= Lucie Nizigama =

Burundian legal scholar and women's rights activist

Lucie Nizigama (1 May 1957 – September 2010) was a Burundian legal scholar and advocate for the rights of women. She died in 2010.

== Biography ==
Nizigama was born on 1 May 1957 in the province of Ruyigi. After the death of her father, her mother was engaged in legal battles with her in-laws and went through lengthy court proceedings to gain access to inherit their family land. Lucie's mother was able to put her through schooling. She had three other siblings. She went on to law school years later, but had to interrupt her course, to resume it in 1998 and finish it in 2001. She then worked as a magistrate and is the first female judge in the rural province of Karuzi.
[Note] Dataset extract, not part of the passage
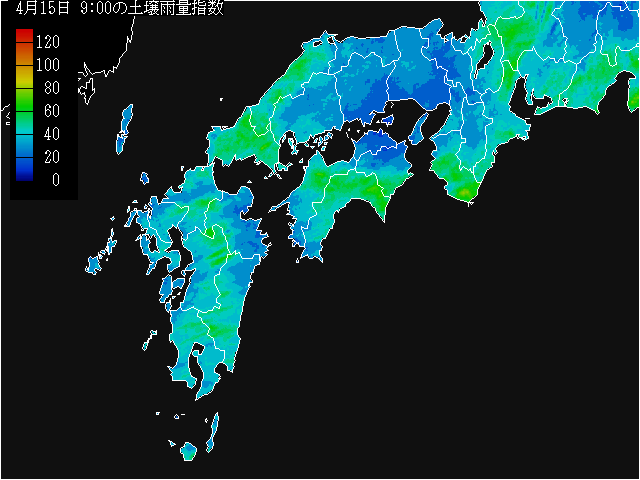 西日本 土壌雨量指数(気象庁提供) 2025年4月15日9時(JST) 更新
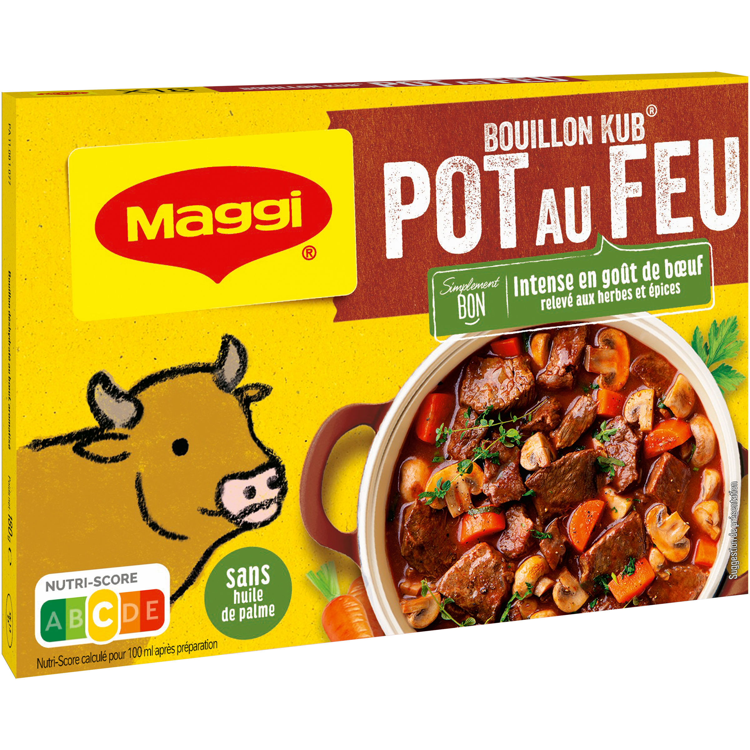 Découvrez le Bouillon KUB Pot-au-feu, une recette s'inspirant de la tradition qui allie le bon goût de bœuf à celui de délicieux légumes. Recette intense en goût de boeuf relevé aux herbes et épices, sans huile de palme et avec des ingrédients de qualité. Ce petit cube apportera une note cuisinée à tous vos plats en un seul geste ! Existe aussi en format 8 cubes. Astuce : idéal pour parfumer toutes vos farces.

She then opened a law firm in 2002.

The Burundian Civil War enhanced the vulnerability of a large part of the population, so in 2004, Nizigama closed her practice and devoted herself to defending women by practicing legal assistance in the Association of Women Lawyers of Burundi (AFJ). She was also active in the Christian Action for the Abolition of Torture, of which she becomes president in Burundi. She conducted investigations into sexual violence against women. She tried to promote legislative changes on women's rights and reparations for victims, and participated in the draft law of the Truth and Reconciliation Commission of her country. She died in September 2010 after a long illness.